Here in South Africa there has been talk about adopting “smart grids” and “smart meters” that will allow the likes of our electricity public utility company, Eskom, and municipalities to predict cable theft and identify illegal connections.  In the US, electricity theft is seen as the third largest form of theft  and the introduction of  Meter Data Management and “Smart Grid Infrastructure” means that every single second large packets of data are being generated ready to be analysed – a true Big Data problem.  This type of “Smart Grid Infrastructure” is being used also with water utilities to prevent water theft.

Read my blog post on Finding Value in Big Transaction Data.

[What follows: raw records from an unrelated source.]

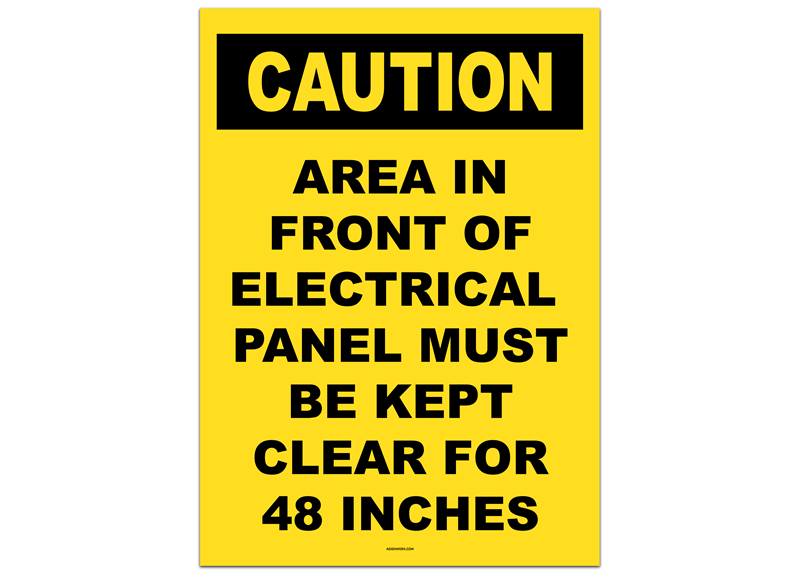 Caution Area in Front of Electrical Panel Kept Clear for 48 Inches Sticker
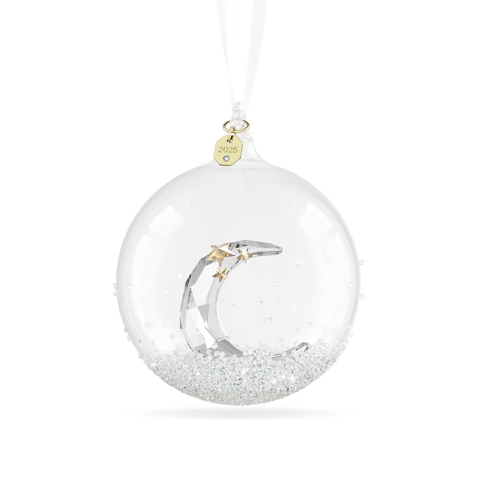 Diese funkelnde Swarovski Annual Edition Weihnachtskugel 2025 verzaubert durch ihre schimmernden Kristalle und die liebevoll gestaltete Mondsichel mit goldfarbenen Sternen. Die Glaskugel hängt an einem weissen Ripsband und wird durch ein Metalletikett in Champagne-Gold mit Gravur „2025“ stilvoll abgerundet – das perfekte Geschenk für besondere Anlässe.
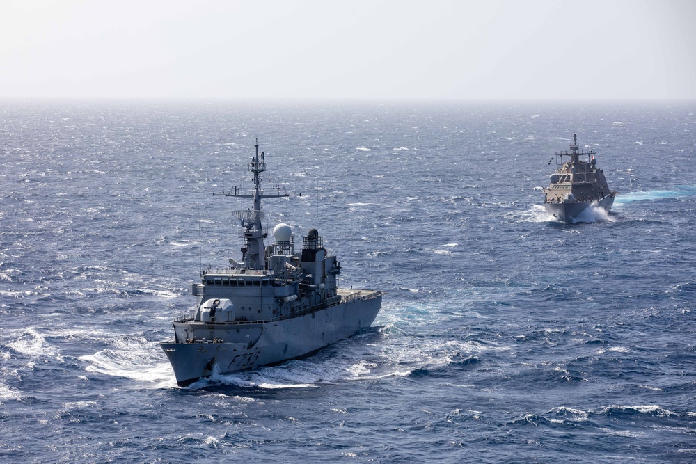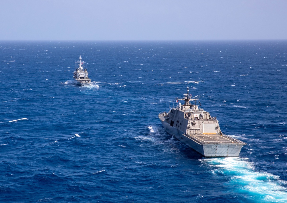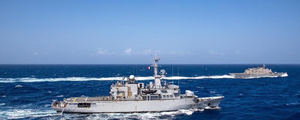 The French Floréal-class frigate FS Germinal (F735) and the Freedom-variant littoral combat ship USS Milwaukee (LCS 5) conduct a bilateral maritime exercise in the Caribbean Sea, Feb. 16, 2022. Milwaukee is deployed to the U.S. 4th Fleet area of operations to support Joint Interagency Task Force South’s mission, which includes counter-illicit drug trafficking missions in the Caribbean and Eastern Pacific. (Photo: US Navy/ Mass Communication Specialist 2nd Class Danielle Baker/Released)

3. Big Data Surveillance in China reaching Robocop scenario

Recently Bloomberg reported on the Chinese government’s efforts to help prevent crime through Big Data surveillance in a country where data privacy laws are limited.  Under government mandate the country’s largest state-run defense contractor is building an analytics software platform that will be able to cross-reference information from bank accounts, jobs, hobbies, consumption patterns, and footage from surveillance cameras to identify potential terrorists. As of the 1st of January of this year, Chinese authorities have been granted access to bank accounts, telecommunications and a national network of surveillance cameras called - oddly enough - Skynet. Picture a world where police officers wearing augmented reality glasses are able to identify each individual in a crowd.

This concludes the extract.